## Description of the task
An exact copy of the data below is needed; please leave out any pictures.

** Data segment follows **

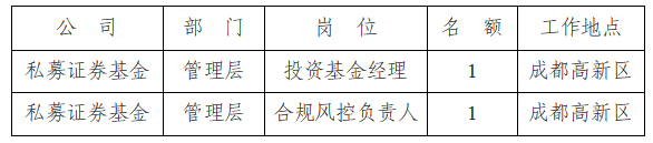 四川产业振兴发展投资基金有限公司(以下简称“四川产业基金”)拟新设私募证券基金管理有限公司(以下简称“私募证券基金”),根据业务发展需要,现面向社会公开招聘私募证券基金工作人员,有关事项公告如下。
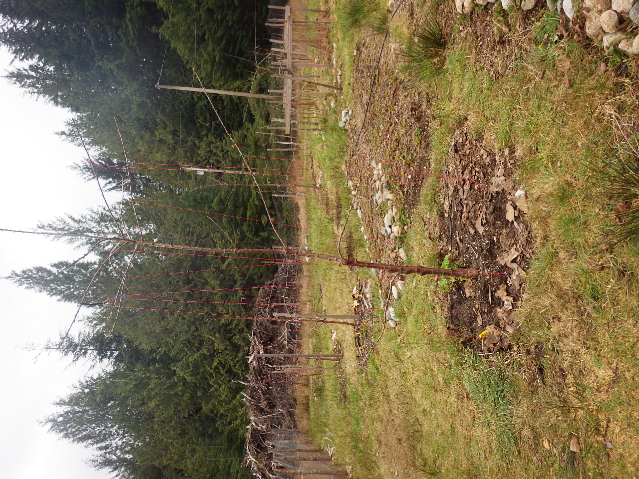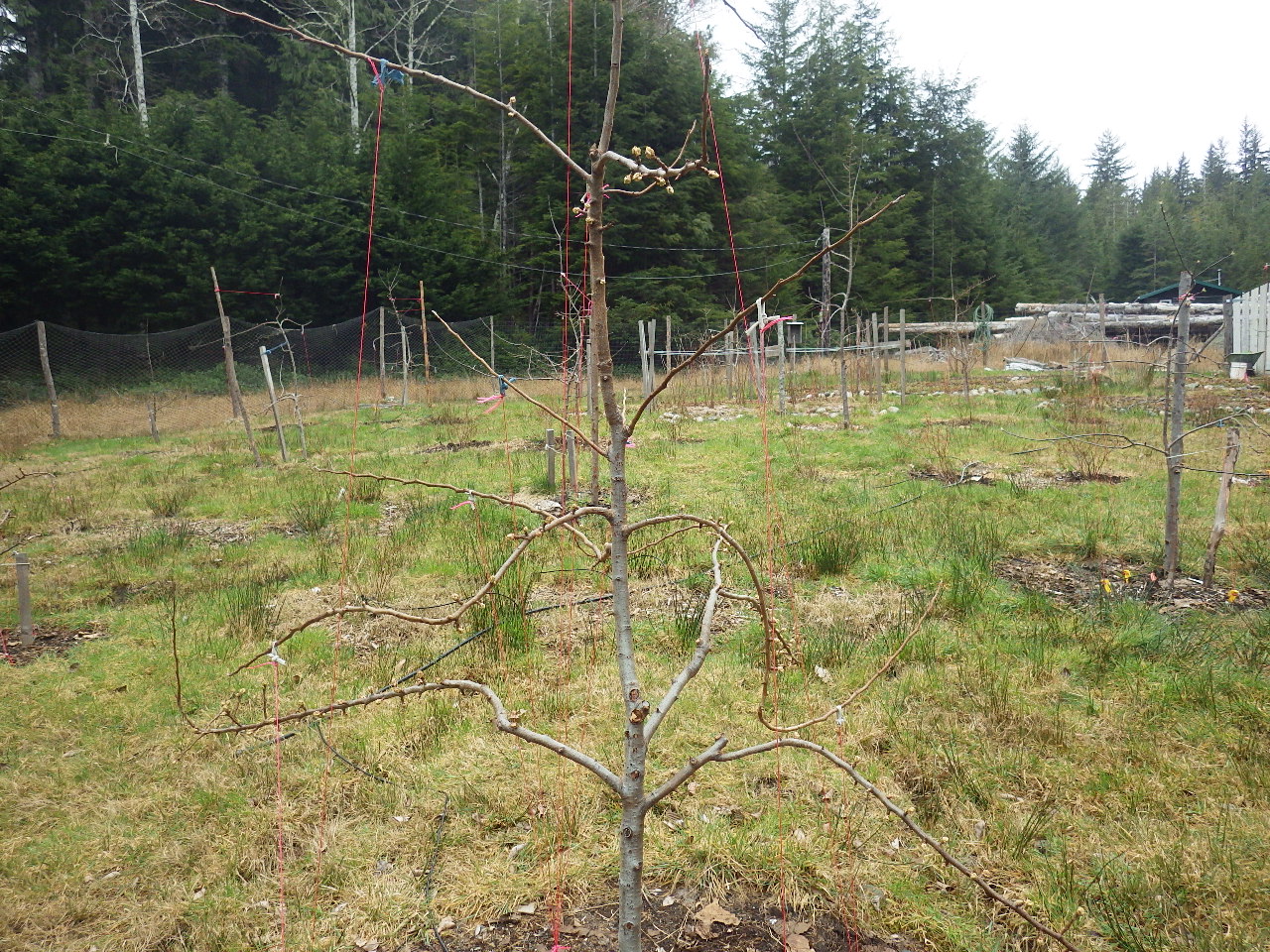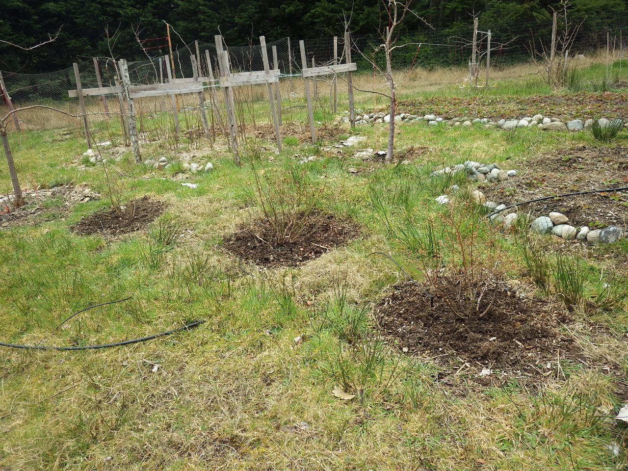 In the orchard, Linda has been busy weighing down the branches of the fruit trees with string and stakes. By lowering the branches, this will stimulate the fruit production. It will also make it easier to harvest the fruit!
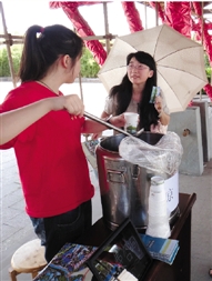 从早上8点开始,志愿者就泡好凉茶,招待来往游客,一天下来三四桶凉茶见空。
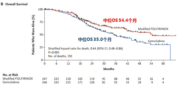 中位OS mFOLFORINOX vs 单药吉西他滨为 54.4个月 vs 35.0个月,HR 0.64,死亡风险下降了36%,差异具有统计学意义,P=0.003

** End of Data segment **

## Task result
 四川产业振兴发展投资基金有限公司(以下简称“四川产业基金”)拟新设私募证券基金管理有限公司(以下简称“私募证券基金”),根据业务发展需要,现面向社会公开招聘私募证券基金工作人员,有关事项公告如下。
 In the orchard, Linda has been busy weighing down the branches of the fruit trees with string and stakes. By lowering the branches, this will stimulate the fruit production. It will also make it easier to harvest the fruit!
 从早上8点开始,志愿者就泡好凉茶,招待来往游客,一天下来三四桶凉茶见空。
 中位OS mFOLFORINOX vs 单药吉西他滨为 54.4个月 vs 35.0个月,HR 0.64,死亡风险下降了36%,差异具有统计学意义,P=0.003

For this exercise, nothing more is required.